• [DIRECTIONS]:
Exact copy, no pictures: return only the lines below from the line with "Fr.80. $5. Legal" up to and including the line with "символа Олимпиады-80. Появилась".

• [SOURCE RECORDS]:
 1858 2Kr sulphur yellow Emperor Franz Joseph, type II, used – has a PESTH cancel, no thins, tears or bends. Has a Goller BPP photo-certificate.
...
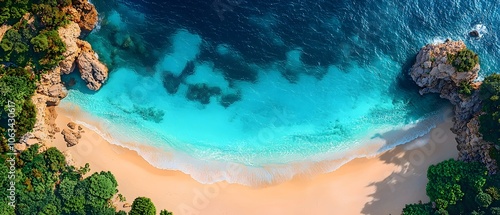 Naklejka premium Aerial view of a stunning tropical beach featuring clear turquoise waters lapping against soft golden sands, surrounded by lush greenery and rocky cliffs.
---
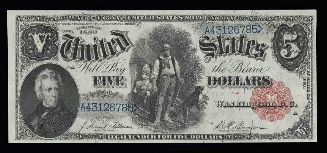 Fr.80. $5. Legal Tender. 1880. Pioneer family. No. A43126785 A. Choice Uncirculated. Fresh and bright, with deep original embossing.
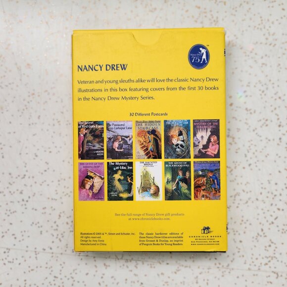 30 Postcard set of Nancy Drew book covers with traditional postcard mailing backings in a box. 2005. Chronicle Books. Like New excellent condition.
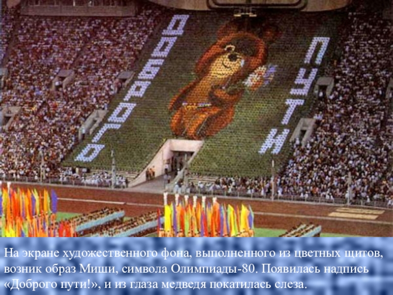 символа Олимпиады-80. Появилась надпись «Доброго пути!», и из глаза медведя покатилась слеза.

• [ANSWER SECTION]:
 Fr.80. $5. Legal Tender. 1880. Pioneer family. No. A43126785 A. Choice Uncirculated. Fresh and bright, with deep original embossing.
 30 Postcard set of Nancy Drew book covers with traditional postcard mailing backings in a box. 2005. Chronicle Books. Like New excellent condition.
 символа Олимпиады-80. Появилась надпись «Доброго пути!», и из глаза медведя покатилась слеза.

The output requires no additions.